The Van Trump Report

How a Farm Boy and High School Dropout from Alabama Made it Big!

Sam Phillips was the youngest of eight children, born on a 200-acre farm near Florence, Alabama. As a child, he picked cotton in the fields with his parents alongside black laborers. The experience of hearing black laborers singing in the fields left a big impression on the young Phillips. Traveling through Memphis with his family in 1939 on the way to see a preacher in Dallas, he slipped off to look at Beale Street, at the time the heart of the city’s music scene. “I just fell totally in love,” he later recalled.

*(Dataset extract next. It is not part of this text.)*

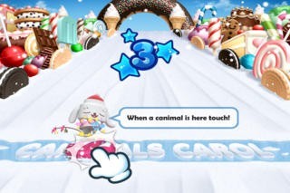 雪ゾリで滑って来るキャニマルが、ゴールラインに着いた時タッチすると、可愛い動物声のクリスマスキャロルが完成。
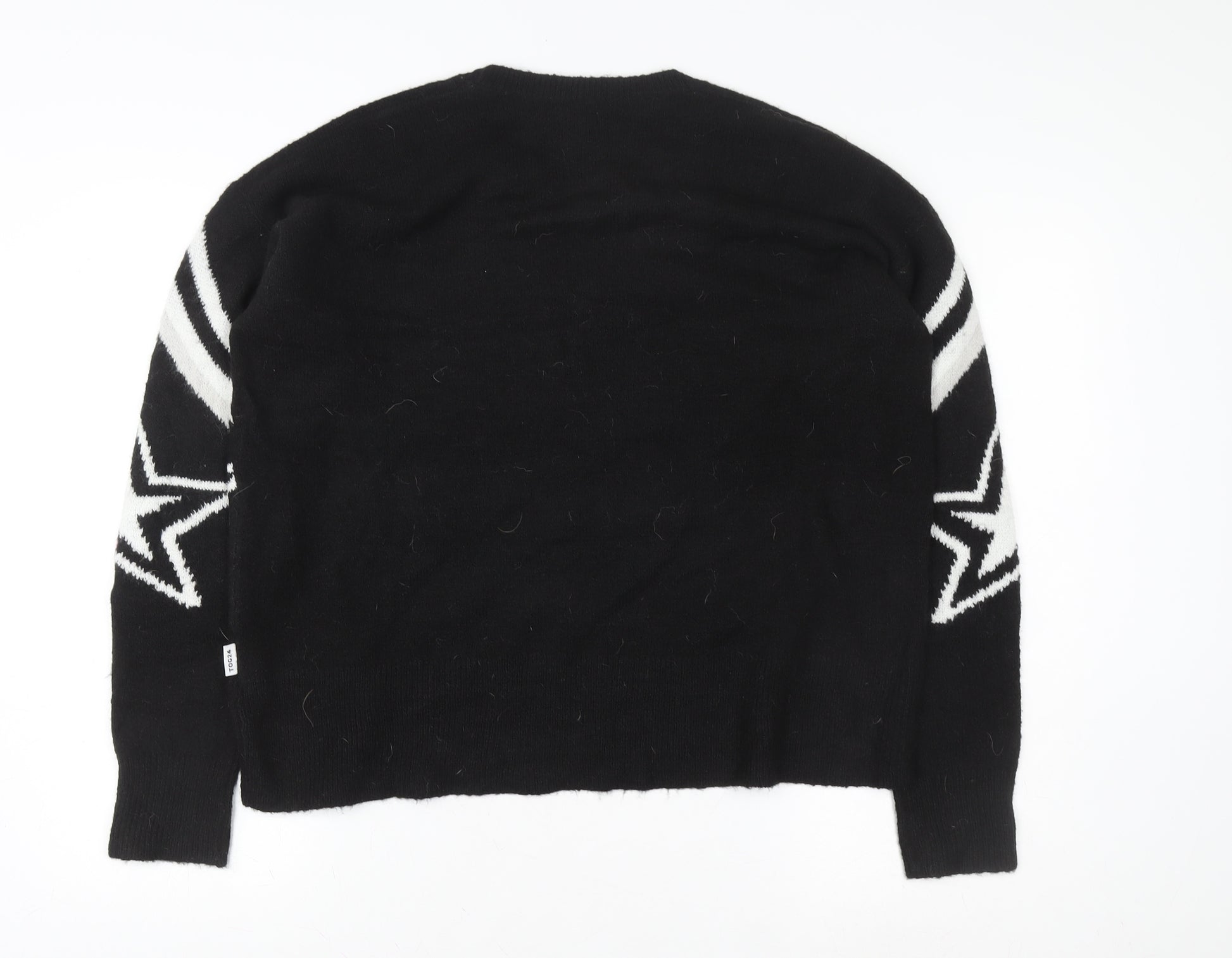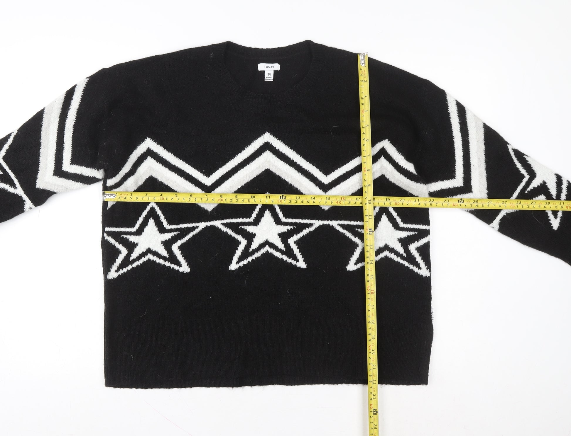 Women's Black Star Pattern Crew Neck Jumper Size 14

Phillips played in his high school band and had ambitions to be a criminal defense attorney. However, his father’s farm went bankrupt during the Great Depression and he died in 1941, forcing Phillips to leave high school early to look after his mother and aunt. To support the family he worked in a grocery store and then a funeral parlor.

At the age of 19, Sam met Rebecca “Becky” Burns. She was just 17 and would become his future wife. She got him a job working at WLAY radio station in Sheffield, Alabama. He was an announcer and she was still in high school and had a radio segment with her sister as ‘The Kitchen Sisters’ where they played music and sang. A January 18, 2013, article in the Alabama Chanin Journal honoring Becky quoted Sam as saying, “I fell in love with Becky’s voice even before I met her.” Becky described her first encounter with Sam to journalist Peter Guralnick: “He had just come in out of the rain. His hair was windblown and full of raindrops. He had a smile unlike any I had ever seen. He sat down on the piano bench and began to talk to me. I told my family that night that I had met the man I wanted to marry.” The couple wed in 1943 and the marriage lasted 60 years until Sam’s death in 2003. 

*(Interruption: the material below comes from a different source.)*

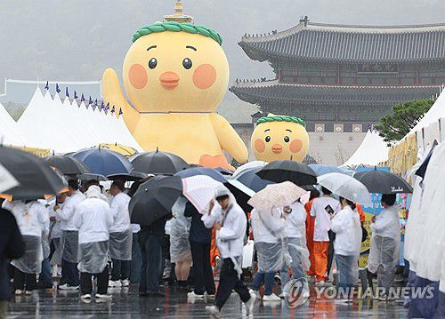 서울 종로구 광화문광장에서 시민들이 우산을 쓰고 이동하고 있다. [연합뉴스 자료사진]

What made Sam so famous? Beginning in 1945, he worked for four years as an announcer and sound engineer for radio station WREC, in Memphis. But in January 1950, Phillips decided to open his own business called the “Memphis Recording Service”. He let amateurs record which drew performers such as B.B. King, Junior Parker, and Howlin’ Wolf, who made their first recordings there. Phillips then sold the recordings to larger labels.

Soon thereafter, Phillips started his own record label called “Sun Record Company”. The rest is somewhat a Forest Gump type story as Phillips becomes a massively famous American record producer with Sun Records in Memphis, Tennessee, producing recordings by Elvis Presley, Roy Orbison, Jerry Lee Lewis, Carl Perkins, Johnny Cash, and Howlin’ Wolf.  

In fact, many historians credit Phillips with launching the career of Elvis. On 18 July 1953, the eighteen-year-old Presley dropped into the studio to record an acetate for his mother’s birthday. A friend thought she heard some talent in the young truck driver’s voice, and so she introduced Phillips to Elvis. It was in 1954 that they released Elvis’s first smash hit, “That’s Alright Mama”. While still not known outside the South, Presley’s singles and regional success became a big draw for Sun Records, as hopeful crooners soon arrived from all over the region. Singers such as Sonny Burgess, Charlie Rich, Junior Parker, Billy Lee Riley and others, like Jerry Lee Lewis, BB King, Johnny Cash, Roy Orbison, and Carl Perkins, all became stars for Sun Records.

Phillips also became known as a very shrewd investor. He owned several radio stations and various restaurants. It’s also rumored that he was one of the first large investors in a motel chain that was about to expand into a nationwide franchise, Holiday Inn. Who would have ever guessed a high school dropout from a small farm in Alabama would have such a strange and storied career. You just never know where the path may lead… enjoy the journey!